I couldn’t imagine what I would do if the truck had become completely disabled so far back in the bush. As we cautiously continued I was just hoping that we could make it at least as far as the school. Otherwise, I envisioned having all the kids from the school come and try to push us. We made it back to the school where I assessed the damage. The alignment was seriously askew with the left front wheel pointing slightly outward and the passenger doors wouldn’t open because the undercarriage had been pushed upwards.

the damage

I have really enjoyed driving the Pajero and it has been such a good vehicle since I bought it more than two years ago. Trusting my ‘friend’ we continued back to Livingstone. Luckily we made it despite the difficulty with the steering. I knew the metal work could be fixed by Joseph my panel beater whom I’ve used before but I was really worried about the damage which might have occurred to the front end. I called Kamia, my mechanic, early on Saturday morning and was relieved when he said he would have it fixed by noon. In the end, he did an alignment, replaced some part, and charged me K120,000 ($20.00). By the way, the cloud of vapour was just the rock sending off a cloud of dust as we backed off of it.
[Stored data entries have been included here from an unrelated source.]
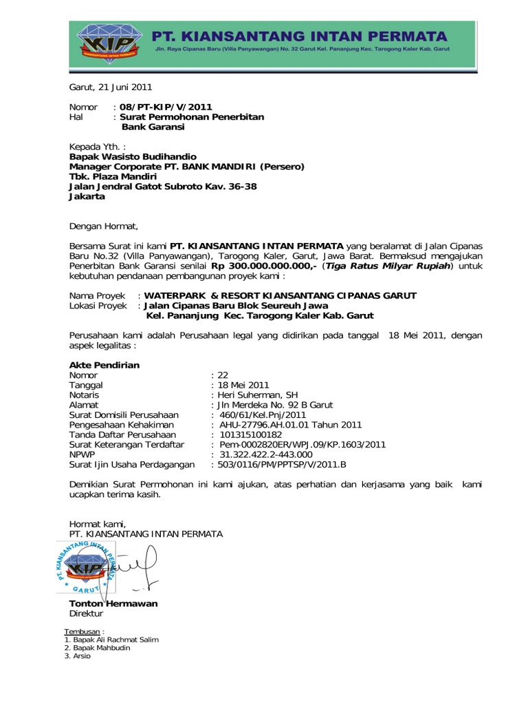 Contoh Surat Permohonan Bank Garansi Mandiri. Hotel Aryaduta Bandung Jl. Surat IMB agunan Surat keterangan lainnya 2.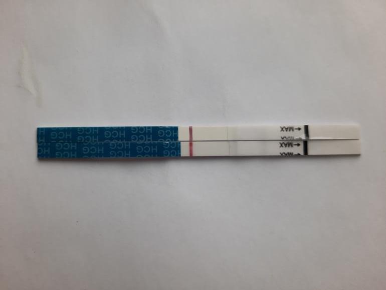 Когда есть беременность то полоска розовая без серого оттенки чаще всего она проявлется даже первее контрольной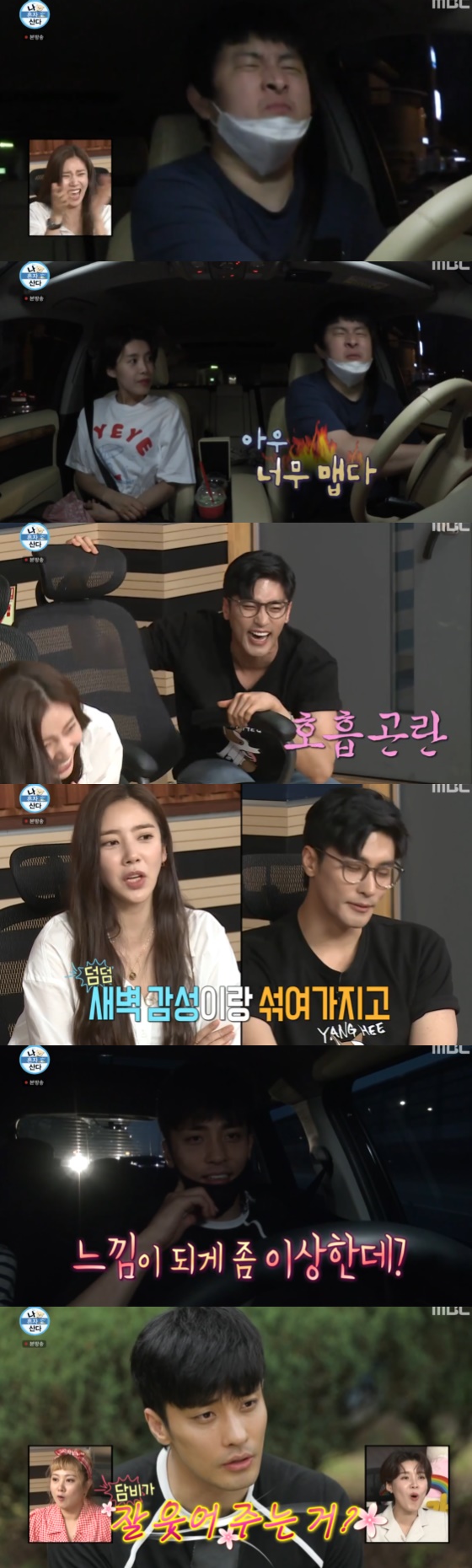 기안은 "내가 반말을 했었나"라며 "좀 자라. 잤으면 좋겠다"고 말해 웃음을 안겼다. 장도연은 "왜 하필 내가 기안 오빠 차를 탔을까. 저도 낯가림이 있고 그 오빠도 낯가림이 있는데"라며 어색함을 표했다.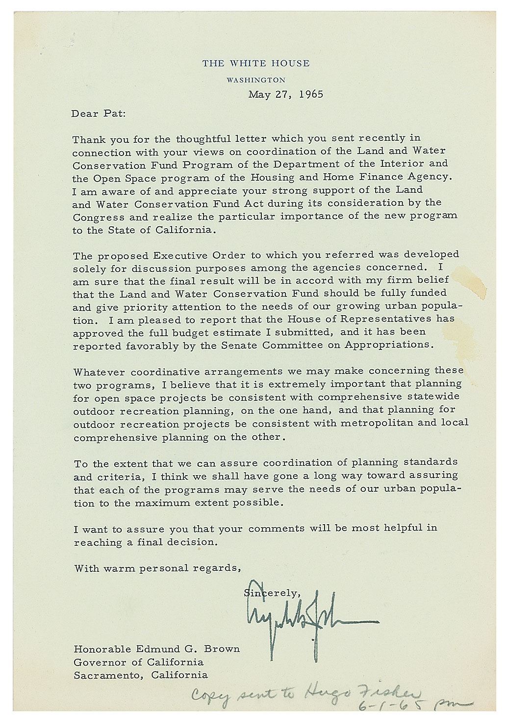 TLS, one page, 7 x 10.25, White House letterhead, May 27, 1965. Letter to California Governor Pat Brown, in part: "Thank you for the thoughtful letter which you sent recently in connection with your views on coordination of the Land and Water Conservation Fund Program of the Department of the Interior and the Open Space program of the Housing and Home Finance Agency. I am aware of and appreciate your strong support of the Land and Water Conservation Fund Act during its consideration by the Congress and realize that particular importance of the new program to the State of California. The proposed Executive Order to which you referred was developed solely for discussion purposes among the agencies concerned. I am sure that the final result will be in accord with my firm belief that the Land and Water Conservation Fund should be fully funded and give priority attention to the needs of our growing urban population. I am pleased to report that the House of Representatives has approved the full budget estimate I submitted, and it has been reported favorably by the Senate Committee on Appropriations." In very good to fine condition, with staple holes to the upper left corner, a crease to the lower left corner, and a couple of light stains to the right edge.

As most of you know, we have a lot of musicians come to the Arts Cafe for rehearsals with Marilyn and for performances on our patio stage. On Saturday, some of the Rasta groups were having a concert from 14h00 until late and we wanted to go and support them. Daisy insisted she would be okay to look after the Arts Cafe even though we had a large group coming to see the show. After having some spaghetti and salad which I made for dinner we went to the concert around 19h00 with plans to return to the Arts Cafe before 22h00  so we could help drive staff home and lock up. We then went back to the concert and stayed another 90 minutes.

Rasta Concert

We were the only white people at the concert and as Marilyn said “it’s like being among friends.” They were so happy to see us and the music was great. The MC even sang a song in which he kept dropping our names into it and looking out at us as he sang. We knew so many of the band members and felt proud to be able to intermingle in such a friendly atmosphere. I will say it was more like a religious meeting and there was a lot of rapping and ‘sermon’ like preaching of the Rasta movement. They certainly have no qualms about calling politicians “buggers” and giving thanks for their freedom. “Better to be a hungry free man than a fat slave” is a typical lyric along with lots about Mother Africa and peace and love.

These girls below were at the show on Saturday. As often happens with adventurous guests, they end up being taken out on the town with some of our staff who are great hosts for Livingstone.

This morning we had pancakes and real maple syrup which Kayleigh brought as a gift for us from Canada.

And…..the new and only stop light in Livingstone is now working. Unfortunately, most drivers seem uncertain if it is okay to turn left on a red (remember we drive on the left) or whether it is okay to turn right on a green if the right turn signal isn’t on. Some pedestrians also seem a bit confused and don’t realize that the light now controls when they can walk out onto the zebra crossing and expect cars to stop.